Мои воспоминания. Книга первая
Шрифт:
В «Князе Игоре», созданном любителем (но каким подлинно гениальным любителем!), законченном и исправленном специалистами, имеется несколько несоответствий. Это произведение русской музыки неоднородно во всех своих частях, и не всюду в нем выражается подлинно русский дух. Бородин, как один из начинателей, естественно не всюду выдерживает тот стиль, что был ему подсказан, навеян древней поэзией; моментами он уступает формальной системе, созданной мастерами западного оперного искусства. (Подобных промахов меньше у Римского-Корсакова и вовсе нет у Мусоргского. Но в данный период я был плохо знаком с ними.) Зато какое глубокое волнение испытываешь, слушая в прологе музыку, иллюстрирующую сбор в поход княжеских дружин, охваченных сверхъестественным ужасом перед небесным знамением солнечного затмения. До чего трогательна скорбная песня Ярославны в тереме и ее же плач на стенах Путивля. Как заразительно передана тревога в ее сцене с боярами и как ярко очерчена личность злодея Галицкого, каким русским простором веет от хора a capella крестьян в последнем действии. А что сказать про обе половецкие картины:
После премьеры я уже не пропускал ни одного спектакля «Игоря», оставляя без внимания убожество, а местами и безвкусие тогдашней, докоровинской постановки. Благодаря одним звукам гениального провидца-дилетанта я переносился за семь веков назад в удельную Русь и начинал ощущать какую-то близость по существу всей этой далекой древности, все тесное родство ее с Россией наших дней. Для меня, завзятого западника, эта русская старина становилась близкой, родной; она манила меня всей своей свежестью, чем-то первобытным и здоровым — тем самым, что трогало меня в русской природе, в русской речи и в самом существе русской мысли.
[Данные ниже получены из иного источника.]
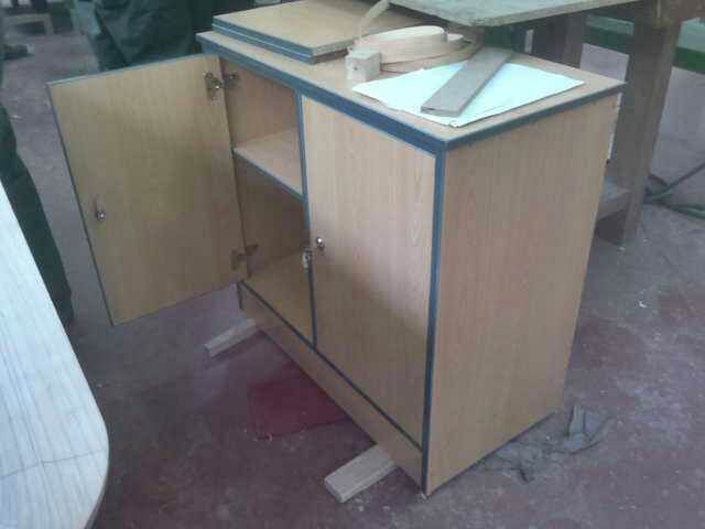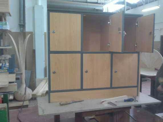 Aqui unas pequeñas taquillas para un despacho. Se le encolaron cantos de pvc antes de montarla, los bordes restantes se quitaron en la tupi con ayuda de una fresa.

В то же время я через свое увлечение «Князем Игорем» почувствовал связь той древней домонгольской России к издавна милой моему сердцу Европе. Сколько нам вдалбливали в голову, что удельная Русь не имела ничего общего со строем феодального средневековья Запада. Я принимал это на веру, и для меня русские князья с их дружинами были чем-то совершенно противоположным «моим» баронам, «моим» рыцарям. Древние русские люди представлялись мне какими-то дикарями или они казались мне темными, жалкими рабами кочевников, а вовсе не гордыми и благородными властителями. И как раз в опере Бородина противопоставлен с удивительной убедительностью мир европейский, христианский и мир азиатский, и как ни красочно и поэтично выражен этот последний, все же чувствуется, насколько ближе к сердцу самого композитора (несмотря на его монгольское происхождение) этот мир христианской восточной Европы, нежели мир степных язычников. Я вполне сочувствовал князю Игорю, нарушающему клятву, данную хану, и предпочитающему уйти от всех сладострастных соблазнов, от сказочных красавиц-невольниц, от всей пряной роскоши ханского двора, чтобы вернуться к родным теремам, к чуть печальной, но сколь милой скромнице-княгине.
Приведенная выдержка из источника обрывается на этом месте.